Въехал – и не узнал и дома! Где порядок? Зеленые кадушки, усыпанные красным песком дорожки, газоны с зеркальными шарами, птичники с царственно-важеватою цесаркой, с павлинами на палках, с корольками? Где серебристые, палевые, золотистые, трубчато-веерные воркуньи, турманки, шилохвостые, монашки? Где пекинские, с шишками на носах, утки, гуси, несшиеся, бывало, на белых крыльях в аллеях, зарей ноябрьской, крепкой, вздымая красные вороха морозных листьев, оглушая железным криком? Все слиняло, глазело дырой и грязью. В сосновом доме – светло, просторно вывел его хозяин – в бемских зеркальных окнах, чтобы светлее было, – торчала заплатами фанера, не смотрелись цветы в вазонах – гиацинты, глоксиньи, хризантемы, левкои, гортензии, гвоздики – по сезону глядя. Сидел за ними какой-то тупогла-зый, "молдаван грузинский".

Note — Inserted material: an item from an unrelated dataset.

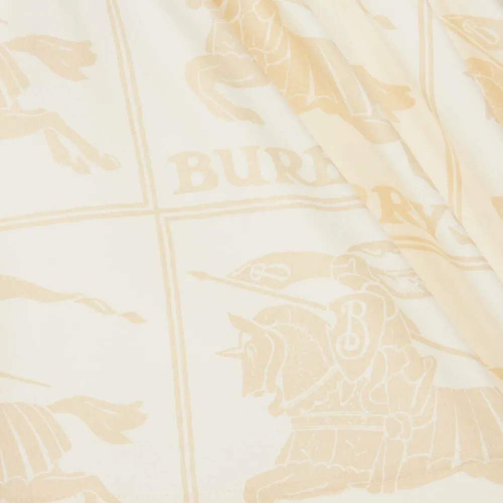 Ivory and beige dress for baby girls by luxury designer Burberry, made from soft cotton jersey. Iconic of the British brand, this short-sleeved shirt dress is designed with an Equestrian Knight Design and Burberry wordmark print in a beige colourway. It has a Peter Pan collar and a buttoned placket on the chest. This product contains organic cotton.

На въезде встретил меня его помощник, задерганный человек, когда-то садовод-любитель, похрамывающий капитан в отставке, – знал я от агронома, – с большой семьею.
"Товарищ ветеринар?" – спросил он меня, тревожно нащупывая глазами.
"Он самый. Что вы тут натворили с жеребенком?"
Он уныло пожал плечами. Я намекнул, что положение мне известно, и он поблагодарил меня унылым взглядом.
"Пригласите заведующего! – скомандовал я. – Я буду у жеребенка".
Я приказал старику, чтобы ни одна душа не знала, что я знакомый, и чтобы не тревожил пока и Марью Тимофевну.
"А там увидим, смотря по ходу".
Он понял. За эти годы все стали хитрецами, иные – подлецами. Что это за товарищ Ситик? – вот что нужно.
Я нашел сосунка на травяном загоне, у конюшен. Он лежал, вытянув ножки стрелой, голова за спинку: его уже сводило. У загона стояла матка, вытягивала шею, ржала.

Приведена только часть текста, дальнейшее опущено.